In the workload template examples, we show statements as being formed from a string value. This is a specific type of statement form, although it is possible to provide structured op templates as well.

The ParsedOp API is responsible for converting all valid op template forms into a consistent and unambiguous model. Thus, the rules for mapping the various forms to the command model must be precise. Those rules are the substance of this specification.

Op Synthesis

Executable operations are created on the fly by NoSQLBench via a process called Op Synthesis. This is done incrementally in stages. The following narrative describes this process in logical stages. (The implementation may vary from this, but it explains the effects, nonetheless.)

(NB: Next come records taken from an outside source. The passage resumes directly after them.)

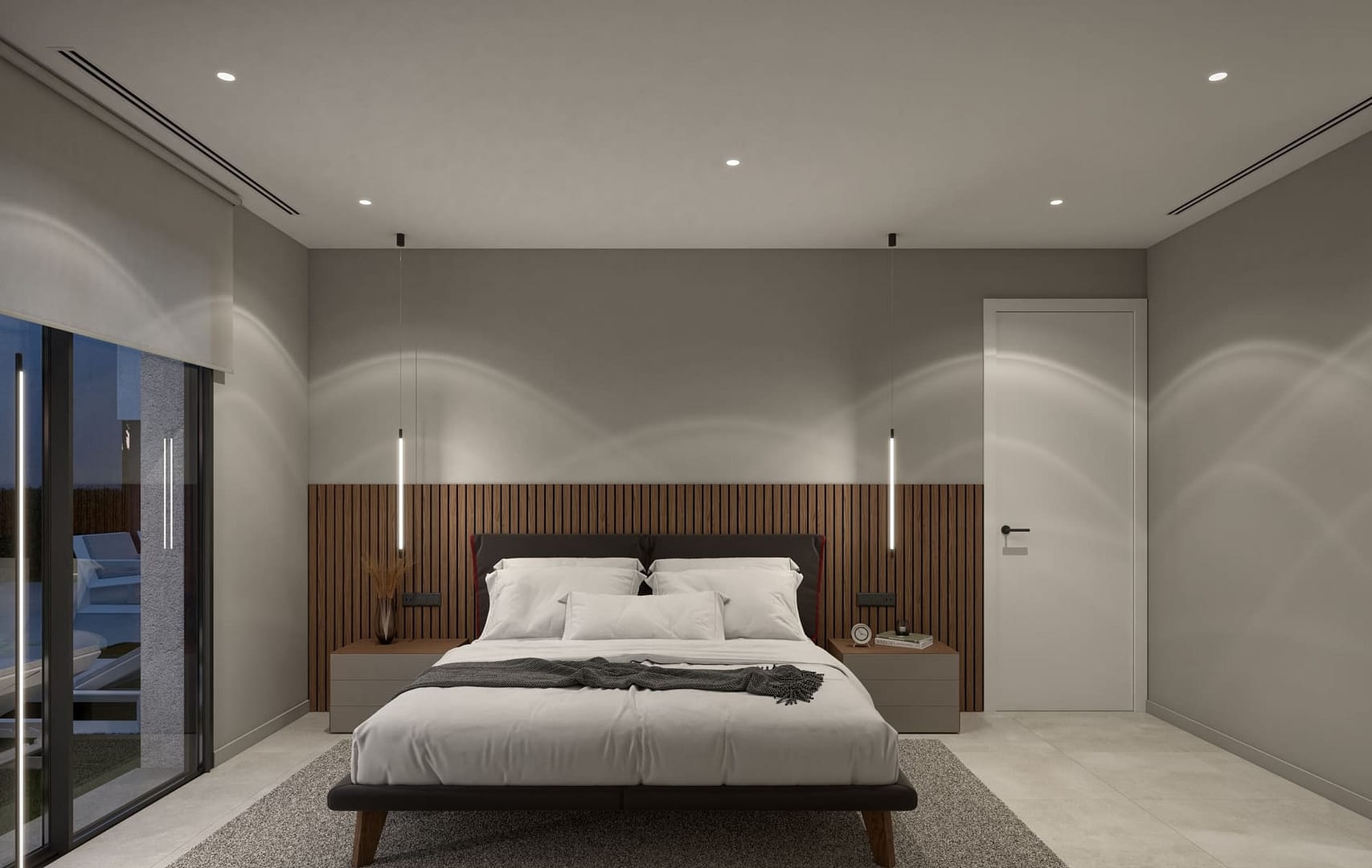 The exterior design of the villas in Torre-Pacheco is intended to maximize enjoyment of the Mediterranean climate. Each villa features a private garden, ideal for creating a personal green space or enjoying outdoor moments. The terrace is perfect for relaxing or hosting gatherings with friends and family. Additionally, each villa includes a solarium, an additional space offering panoramic views and an ideal spot for sunbathing in privacy. The inclusion of a private pool in each villa adds a touch of luxury, allowing for refreshing dips on hot days and enjoying leisure moments without leaving home.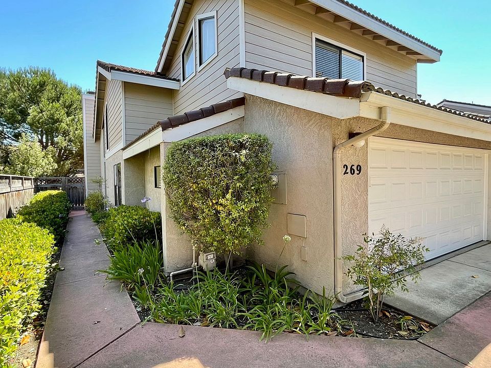 This charming 3-bedroom townhome in Margarita Villas has a bright and open feel with plenty of windows to let in natural light and vaulted ceilings to provide a spacious open concept feeling. There are hardwood floors throughout with a master suite and 2nd bedroom on the upper level and one bedroom on the first floor. Living room and downstairs bedroom have sliding doors leading to a private fenced patio. There is a two-car garage and all appliances are included. Margarita Villas community includes a swimming pool surrounded by the nicely landscape greenbelt. Professionally managed by Link Real Estate Group, Inc. Lic#02180351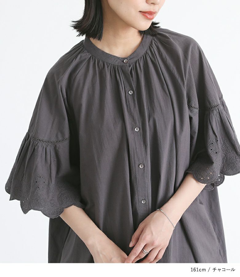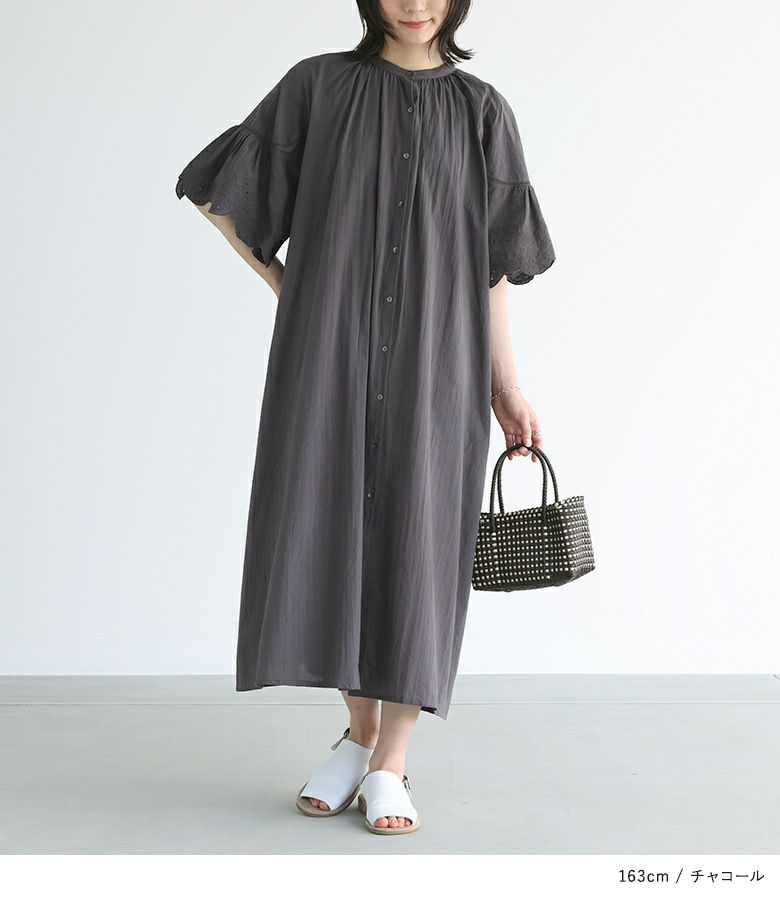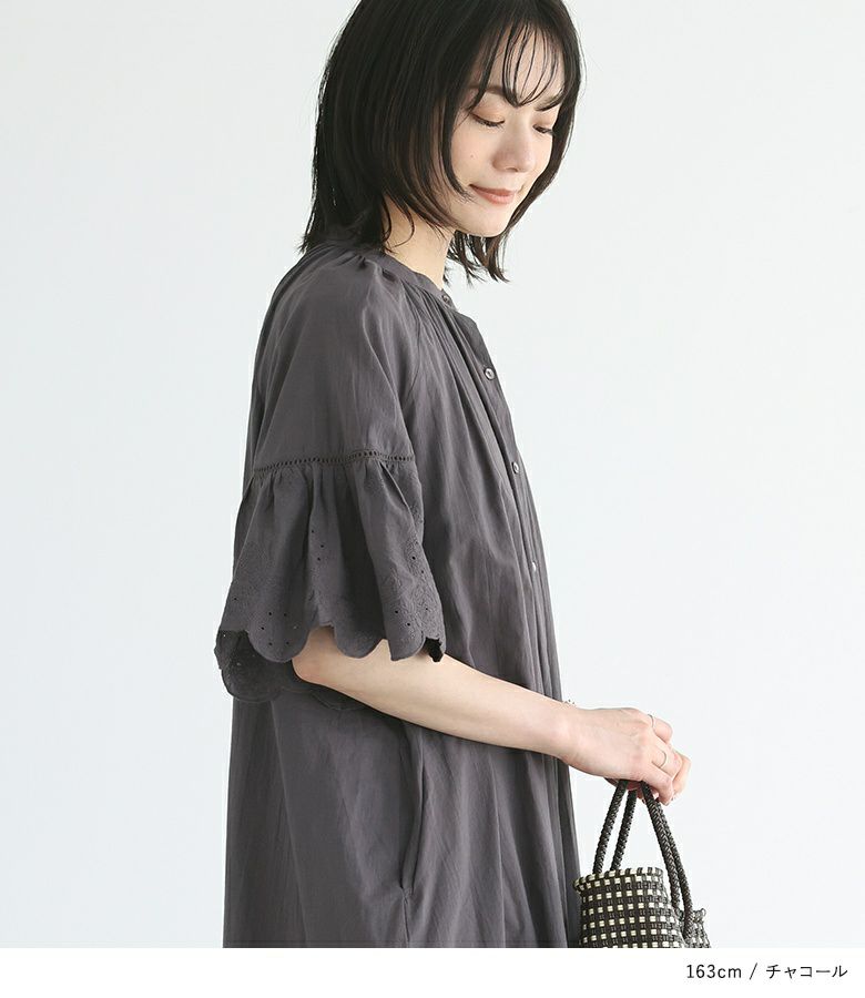 スカラップ刺繍生地と梯子レースで切り替えた袖がポイントのワンピース。ひらっとしたフレアスリーブが印象的な一枚です。ノーカラーで首元すっきり&前後襟ぐり下にはギャザーを入れ、身体に張り付かず快適にご着用いただけます。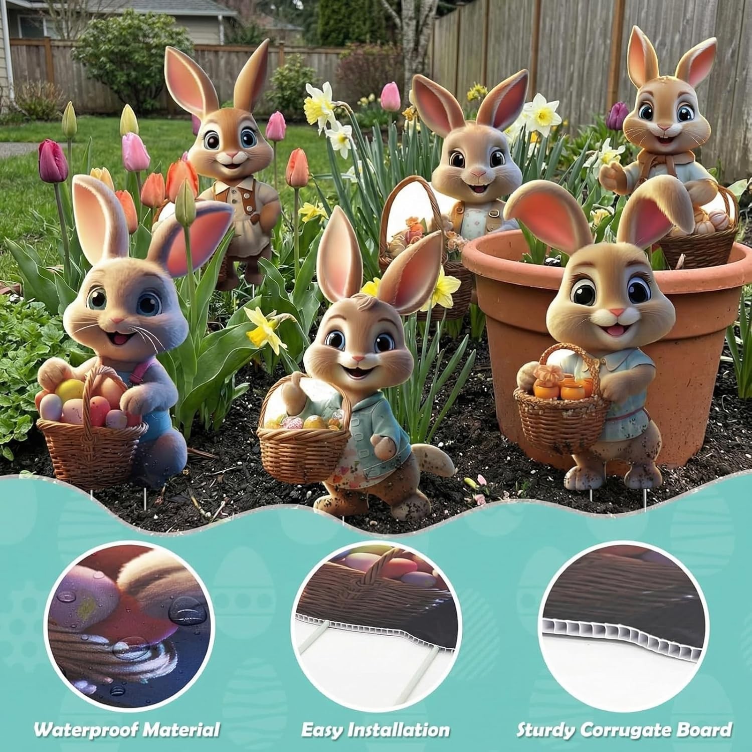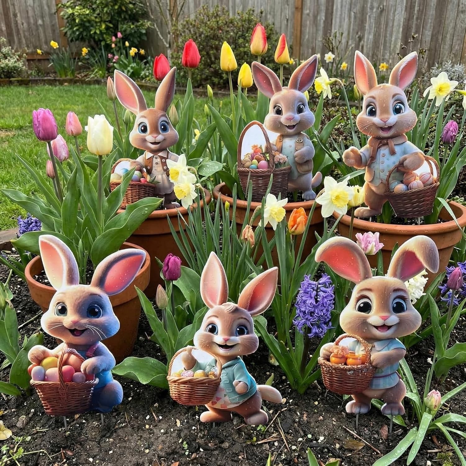Charming 6 PCS Bunny Decorations with Stakes - Ideal for Outdoor Easter Cheer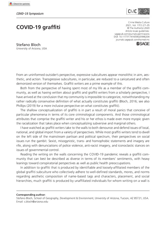 "MAPPING COVID-19 STREET ART: Artists and writers producing work in the streets – including tags, graffiti, murals, stickers, and other installations on walls, pavement, and signs – are in a unique position to respond quickly and effectively in a moment of crisis. Street art’s ephemeral nature serves to reveal very immediate and sometimes fleeting responses, often in a manner that can be raw and direct. At the same time, in the context of a crisis, street art also has the potential to transform urban space and foster a sustained political dialogue, reaching a wide audience, particularly when museums and galleries are shuttered. For all of these reasons, it is not surprising to see an explosion of street art around the world created in response to the Covid-19 global pandemic, even as our movement in public spaces is limited due to public health concerns."
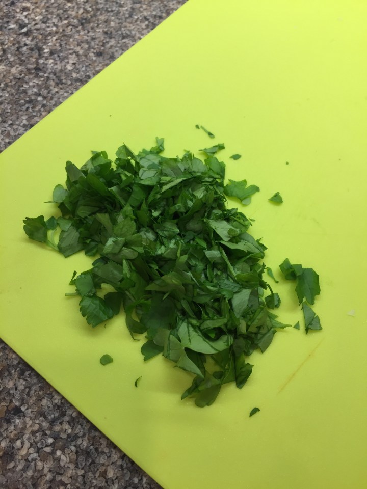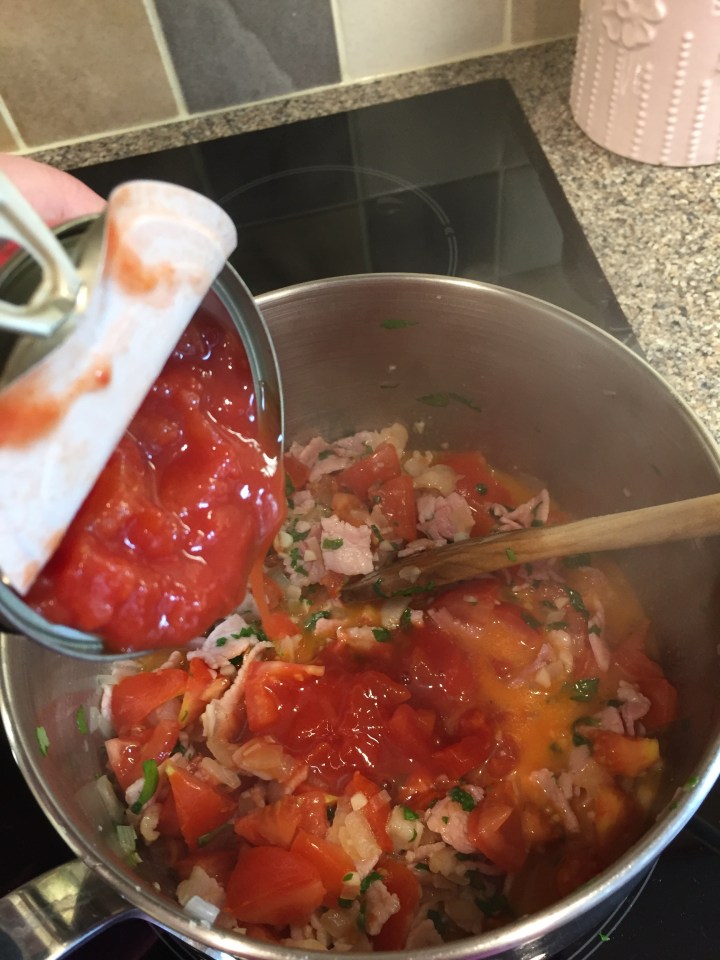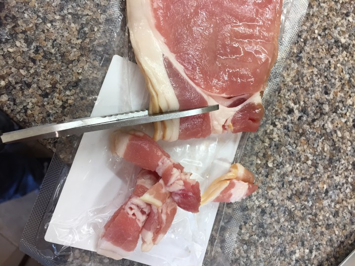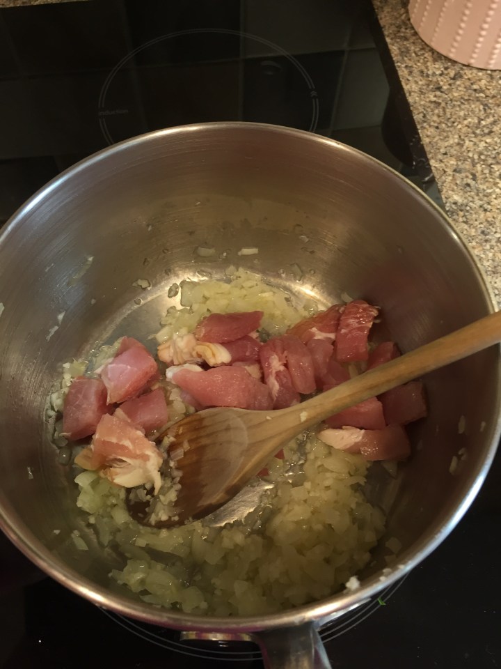 Meanwhile- another optional extra is to add bacon. If you’re doing that use kitchen scissors to cut into chunks.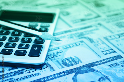 Pencil and calculator on dollar bank note money, Finance concept

Everything here happens during activity initialization, before the activity starts running cycles:

  1. Template Variable Expansion - If there are template variables, such as TEMPLATE(name,defaultval) or <<name:defaultval>>, then these are expanded according to their defaults and any overrides provided in the activity params. This is a macro substitution only, so the values are simply interposed into the character stream of the document.
  2. Jsonnet Evaluation - If the source file was in jsonnet format (the extension was .jsonnet) then it is interpreted by sjsonnet, with all activity parameters available as external variables.
  3. Structural Normalization - The workload template (yaml, json, or data structure) is loaded into memory and transformed into a standard format. This means taking various list and map forms at every level and converting them to a singular standard form in memory.
  4. Auto-Naming - All elements which do not already have a name are assigned a simple name like block2 or op3.
  5. Auto-Tagging - All op templates are given standard tag values under reserved tag names:
    • block: the name of the block containing the op template. For example: block2.
    • name: the name of the op template, prefixed with the block value and --. For example, block2--op1.
  6. Property De-normalization - Default values for all the standard op template properties are copied from the doc to the block layer unless the same-named key exists. Then the same method is applied from the doc layer to the op template layer. At this point, the op templates are effectively an ordered list of data structures, each containing all necessary details for use.
  7. Tag Filtering - The activity's tag param is used to filter all the op templates according to their tag map.
  8. Bind Point and Capture Points - Each op template is now converted into a ParsedOp, which is a swiss-army knife of op template introspection and function generation. It is the direct programmatic API that driver adapters use in subsequent steps.
    • Any string sequences with bind points like this has a {bindpoint} are automatically converted to a long -> string function.
    • Any direct references with no surrounding text like {bindpoint} are automatically converted to direct binding references.
    • Any other string form is cached as a static value.
    • The same process is applied to Lists and Maps, allowing structural templates which read like JSON with bind points in arbitrary places.
  9. Op Mapping - Using the ParsedOp API, each op template is categorized by the active driver according to that driver's documented examples and type-matching rules. Once the op mapper determines what op type a user intended, it uses this information and the associated op fields to create an Op Dispenser.
  10. Op Sequencing - The op dispensers are kept as an internal sequence, and installed into a LUT according to their ratios and the specified (or default) sequencer. By default, round-robin with bucket exhaustion is used. The ratios specified are used directly in the LUT.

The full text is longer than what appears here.